The humor is decidedly black, and razor-sharp throughout, but is distributed in very controlled doses, and often arrives at unexpected moments -- during a lengthy tracking shot of people being held in prison cells we see a man being tortured for owning a Picasso (he was a communist after all); or a shot of high-school students wondering if they are allowed to cross the street while the national anthem is playing. However, the controversy surrounding the film has less to do with the humor than it does with the scathing portrayal of Park and his henchmen as degenerates who have nothing but contempt for the average Korean citizen. Most offensive to some was Im's emphasis on Park's adoration of Japan, but there's a great deal of truth to it. Park, who began his military career in the Japanese army, often spoke Japanese, and fancied himself a modern-day samurai. He worshiped the Meiji era, and on the night of the assassination, he is shown getting drunk with a few of his ministers and two young actresses, one of whom specializes in singing Japanese enka. Im skillfully frames most of this sequence like something out of a period Kurosawa film -- plenty of low angles and wide, centered shots through doorways.
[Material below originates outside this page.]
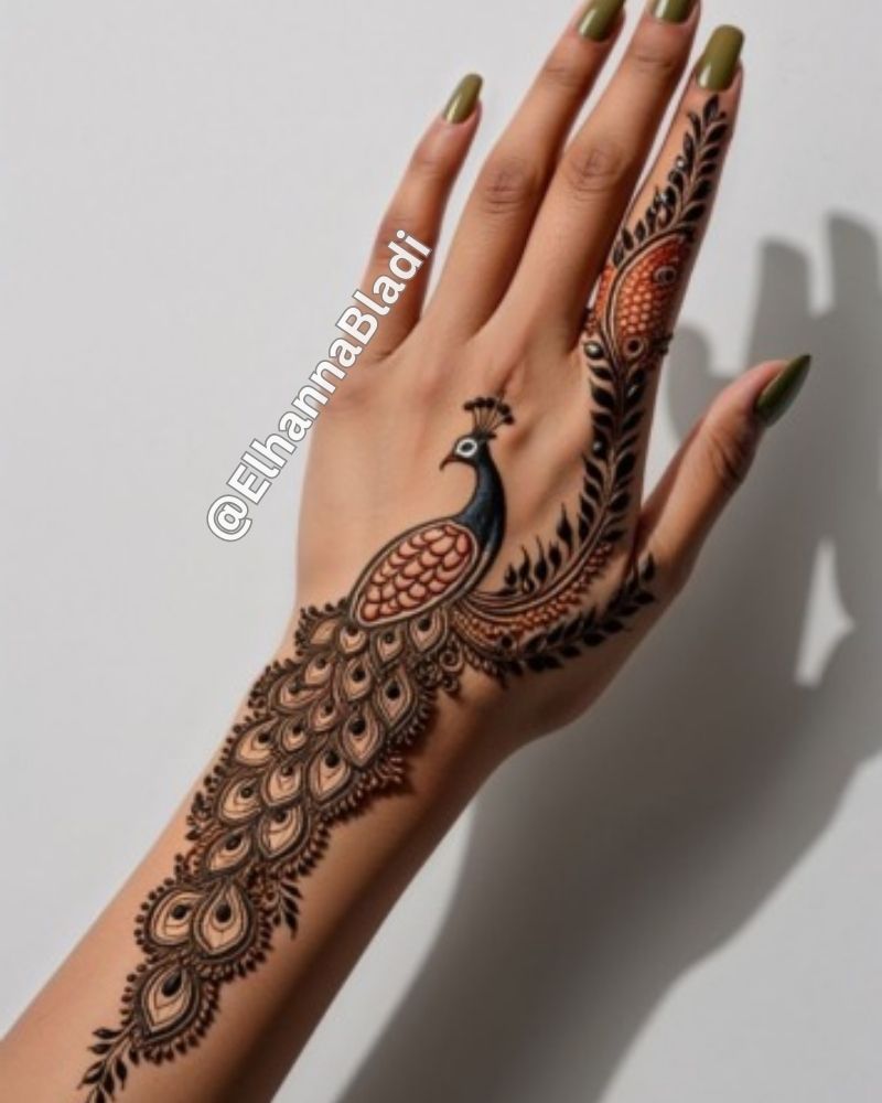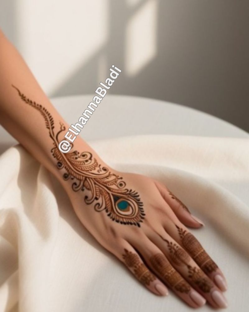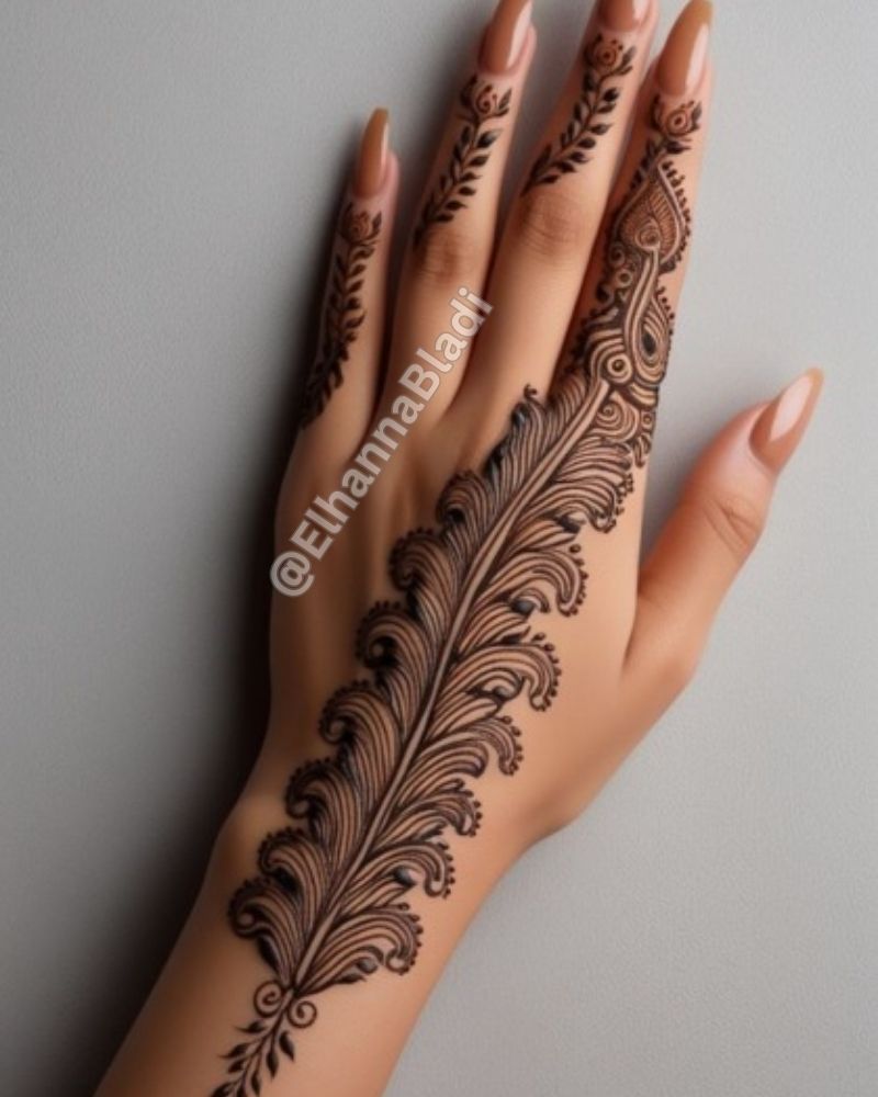 اكبر كولكشن نقش حناء لليدين فخمة 2025 :نقش حناء 2025 في هذه الصورة يعكس البساطة الممزوجة بالأناقة من خلال تصميم طاووس رقيق يمتد بشكل عمودي على ظهر اليد. الطاووس يظهر بتفاصيل انسيابية وأنيقة، حيث يتميز بريش ناعم مزين بأشكال نباتية دقيقة تضيف لمسة من الجمال الطبيعي للنقش. هذا التصميم يركز على إبراز الأناقة بأسلوب بسيط وغير معقد، حيث يمتد النقش من المعصم حتى منتصف الإصبع، مع إضافة زخارف نباتية صغيرة على الأصابع لخلق تناسق مميز. النقش مثالي للمناسبات اليومية أو الاحتفالات البسيطة، حيث يجمع بين الجاذبية والعملية.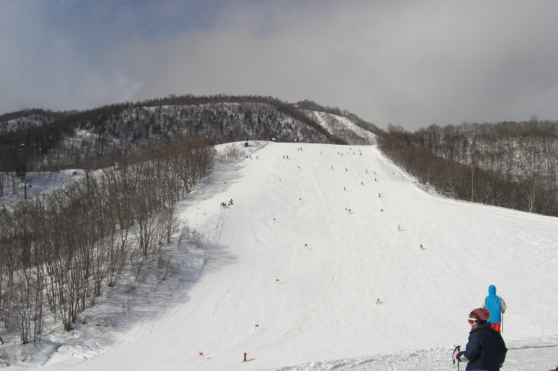 すでに何人かの人が滑っています。大して急じゃないように見えて実は急だったりする。

The second half of the film concerns the events that take place after the assassination, and it is here that the film begins to resemble a more classic political satire, though it's no less perfect than everything that comes before it. Amidst the chaos of those first few hours after the assassination, the focus still remains on Kim, though Im isn't interested in romanticizing the character, nor does he pour on the adulation. (Kim had plenty of blood on his hands even before the assassination.) Instead, he becomes a somewhat tragic anti-hero, and the film's rather abrupt ending avoids any attempt at interpretation. At the same time, the farcical nature of the film provides Im with a certain distance from the actual events.
One of the few films to already grace Filmbrain's "Best of 2005" list, The President's Last Bang is a triumph of acting and directing that allows Im Sang-soo to rub shoulders with the likes of Kubrick, Mamet and Altman, and a cutting satire that works even if one is limited to a rudimentary understanding of the events portrayed. Filmbrain can only pray that this finds US distribution, but it seems unlikely.